Твоего примерно возраста, — сказала она. Кто разберет, как комиссар Блэр в нее влюбился? Поначалу он только сознавал, что вечерами все нетерпеливее ждет визита в кафе и еженощных бесед с Вероникой во время затишья — по ночам в кафе нередко бывало тихо. Ему очень нравился (во всяком случае он так думал) просто разговор, не замусоренный никакими сексуальными закавыками. Он предполагал, что видит в Веронике фигуру матери, которая заменила ему настоящую мать, потерянную давным-давно в Войну. Он предполагал (сначала он увлекался предположениями), что Вероника видит в нем более или менее своего ребенка.
Даже решив впервые пригласить ее на свидание, он не усомнился, что намерения у него сугубо дружеские. Он не был общителен и никогда не имел друзей: теперь у него завелся друг. Блэр считал Веронику «другом». Ему это нравилось. Она согласилась прийти, и они договорились встретиться у кафе «Полисмен» как-то вечером, когда она рано заканчивала работать.

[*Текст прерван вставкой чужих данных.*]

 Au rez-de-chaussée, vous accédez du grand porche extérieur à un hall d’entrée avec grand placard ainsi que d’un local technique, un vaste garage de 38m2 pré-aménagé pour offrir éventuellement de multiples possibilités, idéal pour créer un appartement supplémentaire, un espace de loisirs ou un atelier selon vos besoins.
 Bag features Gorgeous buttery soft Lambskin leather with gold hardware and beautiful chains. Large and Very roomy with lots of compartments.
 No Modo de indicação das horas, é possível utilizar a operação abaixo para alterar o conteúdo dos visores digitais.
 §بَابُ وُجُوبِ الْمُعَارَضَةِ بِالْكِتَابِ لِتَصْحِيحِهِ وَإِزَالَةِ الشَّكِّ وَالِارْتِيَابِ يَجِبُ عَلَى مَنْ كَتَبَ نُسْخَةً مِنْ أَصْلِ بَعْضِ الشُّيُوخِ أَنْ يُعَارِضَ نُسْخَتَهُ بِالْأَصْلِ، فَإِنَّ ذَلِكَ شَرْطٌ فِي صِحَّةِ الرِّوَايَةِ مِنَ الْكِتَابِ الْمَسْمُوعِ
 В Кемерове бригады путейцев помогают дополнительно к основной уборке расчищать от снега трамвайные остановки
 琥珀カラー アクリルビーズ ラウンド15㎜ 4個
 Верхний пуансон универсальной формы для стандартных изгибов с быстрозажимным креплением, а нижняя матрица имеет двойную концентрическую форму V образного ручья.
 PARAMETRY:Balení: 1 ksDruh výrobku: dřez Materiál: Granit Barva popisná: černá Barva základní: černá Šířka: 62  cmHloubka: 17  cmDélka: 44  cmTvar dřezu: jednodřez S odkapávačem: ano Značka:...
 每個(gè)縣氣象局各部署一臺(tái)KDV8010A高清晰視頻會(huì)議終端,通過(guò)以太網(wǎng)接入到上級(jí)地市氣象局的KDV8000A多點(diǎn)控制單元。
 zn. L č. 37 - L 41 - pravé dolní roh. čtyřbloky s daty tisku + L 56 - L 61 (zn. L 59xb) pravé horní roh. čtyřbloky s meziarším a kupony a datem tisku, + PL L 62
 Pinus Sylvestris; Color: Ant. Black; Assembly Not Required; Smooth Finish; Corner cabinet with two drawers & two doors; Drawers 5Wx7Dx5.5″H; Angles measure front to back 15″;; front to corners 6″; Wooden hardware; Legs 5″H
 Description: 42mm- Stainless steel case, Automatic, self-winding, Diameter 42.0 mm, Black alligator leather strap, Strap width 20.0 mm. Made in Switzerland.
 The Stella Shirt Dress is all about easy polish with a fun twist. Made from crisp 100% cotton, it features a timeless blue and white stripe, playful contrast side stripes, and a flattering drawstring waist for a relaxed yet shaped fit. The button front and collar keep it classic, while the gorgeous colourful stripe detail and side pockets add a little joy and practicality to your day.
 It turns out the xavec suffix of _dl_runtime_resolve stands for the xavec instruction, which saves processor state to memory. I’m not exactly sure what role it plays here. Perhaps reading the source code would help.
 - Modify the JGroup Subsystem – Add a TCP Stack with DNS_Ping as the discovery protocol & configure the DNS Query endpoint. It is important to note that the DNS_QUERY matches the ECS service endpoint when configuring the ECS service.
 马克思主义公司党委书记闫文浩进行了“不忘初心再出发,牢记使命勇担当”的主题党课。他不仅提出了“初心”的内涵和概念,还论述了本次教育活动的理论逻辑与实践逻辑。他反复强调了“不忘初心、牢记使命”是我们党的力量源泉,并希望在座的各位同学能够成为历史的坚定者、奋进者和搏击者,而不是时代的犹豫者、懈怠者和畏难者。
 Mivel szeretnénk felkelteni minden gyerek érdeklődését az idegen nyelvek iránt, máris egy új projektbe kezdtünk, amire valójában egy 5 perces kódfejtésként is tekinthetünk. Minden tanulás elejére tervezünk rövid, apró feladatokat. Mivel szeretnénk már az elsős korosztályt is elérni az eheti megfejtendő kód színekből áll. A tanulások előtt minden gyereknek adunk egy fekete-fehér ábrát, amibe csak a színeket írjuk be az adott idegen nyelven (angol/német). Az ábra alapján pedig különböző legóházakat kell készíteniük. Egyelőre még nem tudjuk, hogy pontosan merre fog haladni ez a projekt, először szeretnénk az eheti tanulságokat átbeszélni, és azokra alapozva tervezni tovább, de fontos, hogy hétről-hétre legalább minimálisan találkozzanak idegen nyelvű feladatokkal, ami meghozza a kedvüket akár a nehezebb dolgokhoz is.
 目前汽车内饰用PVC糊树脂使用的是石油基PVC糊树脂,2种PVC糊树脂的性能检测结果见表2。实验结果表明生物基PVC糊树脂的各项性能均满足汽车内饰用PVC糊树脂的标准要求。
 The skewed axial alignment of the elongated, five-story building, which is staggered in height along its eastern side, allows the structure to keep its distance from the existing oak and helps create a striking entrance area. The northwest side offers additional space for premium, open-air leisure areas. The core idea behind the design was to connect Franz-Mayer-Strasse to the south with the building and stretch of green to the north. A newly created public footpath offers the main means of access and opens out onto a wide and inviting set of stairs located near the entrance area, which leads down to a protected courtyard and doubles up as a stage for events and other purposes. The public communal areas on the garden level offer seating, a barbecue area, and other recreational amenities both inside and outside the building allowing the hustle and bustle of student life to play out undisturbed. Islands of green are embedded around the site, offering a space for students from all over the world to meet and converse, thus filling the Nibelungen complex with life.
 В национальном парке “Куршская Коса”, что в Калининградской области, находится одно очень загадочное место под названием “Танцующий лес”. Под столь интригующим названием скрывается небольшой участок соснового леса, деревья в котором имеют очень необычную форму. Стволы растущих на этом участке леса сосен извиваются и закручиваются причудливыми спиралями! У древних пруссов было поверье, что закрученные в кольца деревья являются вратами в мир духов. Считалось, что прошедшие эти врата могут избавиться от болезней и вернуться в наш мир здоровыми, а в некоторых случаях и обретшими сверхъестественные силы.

Он приехал, и она его ждала. Она чуточку накрасилась, и под расстегнутым плащом (в Столице выдался прекрасный вечер, довольно теплый) он увидел черное шелковое платье и белый жемчуг вокруг шеи. Прежде он видел Веронику лишь в тусклой униформе ее ремесла. А теперь внезапно разглядел то, чего не замечал прежде, — она была красавица.
— Вероника. — Он с трудом ворочал языком. — Ты потрясающе выглядишь.
Она улыбнулась, взяла его под руку, и они зашагали по улице.
С той ночи он больше не считал Веронику фигурой матери. Он желал ее, как прежде желал бы других женщин, гораздо моложе. И однажды вечером после кино он привел ее в свой номер в «Чертополохе». Он ни разу не заикнулся о своих чувствах, однако поцеловал ее теперь, и она его не оттолкнула. Она не оттолкнула его и когда он взял ее за руку и повел к постели. Но едва он принялся расстегивать пуговицы платья у нее на спине, Вероника мягко высвободилась.
— Одну секунду, — сказала она. Отошла, щелкнула выключателем и вернулась.
— Зачем ты выключила свет? — спросил он. — Я хочу тебя увидеть.
Она обняла его в темноте.
— Прошу тебя, — сказала она. — Я не против лечь с тобой в постель. Я этого хочу. Но я не хочу, чтобы ты видел мое тело. Пожалуйста, не проси.
И он больше не просил. Это не имело значения. Когда они занимались любовью в ту ночь и во все ночи, что последовали, он поклонялся ей во тьме руками и поцелуями, и она яростно обвивалась вкруг его тела.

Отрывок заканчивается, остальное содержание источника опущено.